§ SUPPLIED MATERIAL
========================

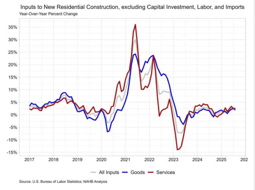 “On a year-over-year basis, the index for domestic goods increased 2.3%, while prices for imported goods fell 1.1% over the same period. Comparatively, service prices have risen more than good prices over the past year, rising 3.0% year-over-year. The combined index for inputs to new construction is up 2.1% on a yearly basis.” said Jesse Wade economist and director of tax and trade policy analysis for NAHB.
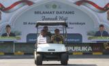 REPUBLIKA.CO.ID, SURABAYA. -- Petugas mengendarai buggy car (mobil kereta listrik) di area Asrama Haji Embarkasi Surabaya (AHES), Surabaya, Jawa Timur, Senin (6/5/2024).
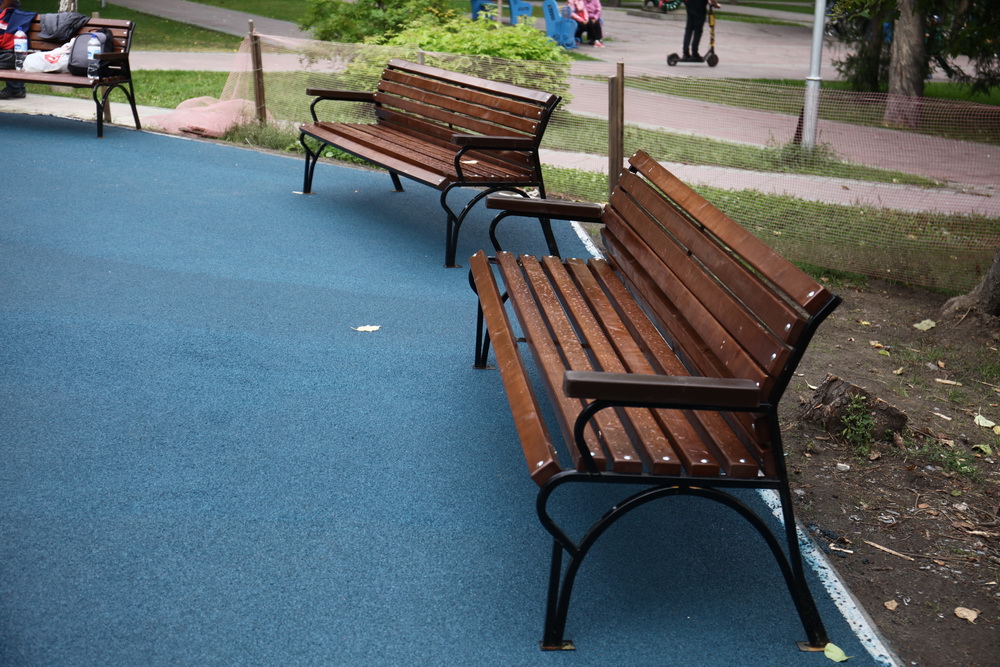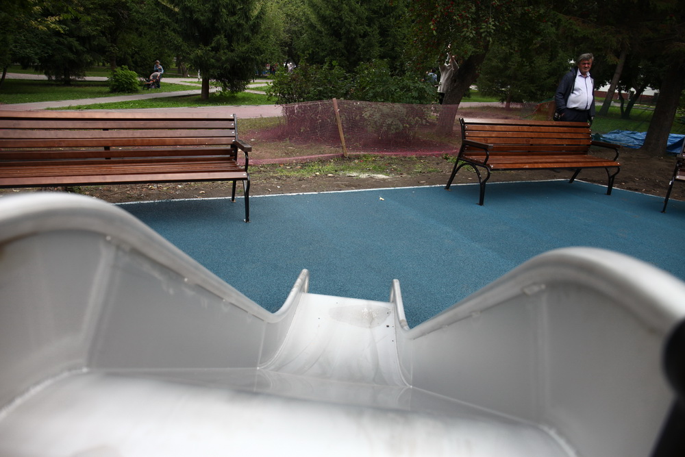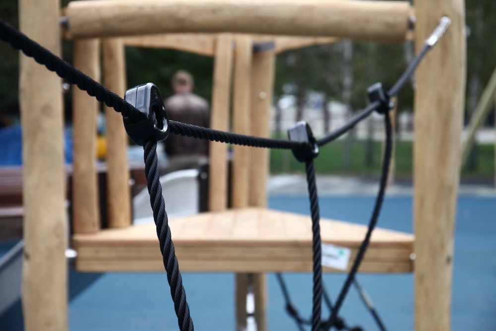 Дерево не требует пропитки, производители дают 20 лет гарантии — что с деревом ничего не случится, оно не рассохнется и не сгниёт. Везли игровой комплекс из-за Чехии. А древесину вообще производят в Северной Америке, где климат схож с сибирским. Холод и влажность, по словам подрядчика, материалу не страшны.

========================

The pictures alone are to be left out when the data above is copied; all else must match exactly.

 “On a year-over-year basis, the index for domestic goods increased 2.3%, while prices for imported goods fell 1.1% over the same period. Comparatively, service prices have risen more than good prices over the past year, rising 3.0% year-over-year. The combined index for inputs to new construction is up 2.1% on a yearly basis.” said Jesse Wade economist and director of tax and trade policy analysis for NAHB.
 REPUBLIKA.CO.ID, SURABAYA. -- Petugas mengendarai buggy car (mobil kereta listrik) di area Asrama Haji Embarkasi Surabaya (AHES), Surabaya, Jawa Timur, Senin (6/5/2024).
 Дерево не требует пропитки, производители дают 20 лет гарантии — что с деревом ничего не случится, оно не рассохнется и не сгниёт. Везли игровой комплекс из-за Чехии. А древесину вообще производят в Северной Америке, где климат схож с сибирским. Холод и влажность, по словам подрядчика, материалу не страшны.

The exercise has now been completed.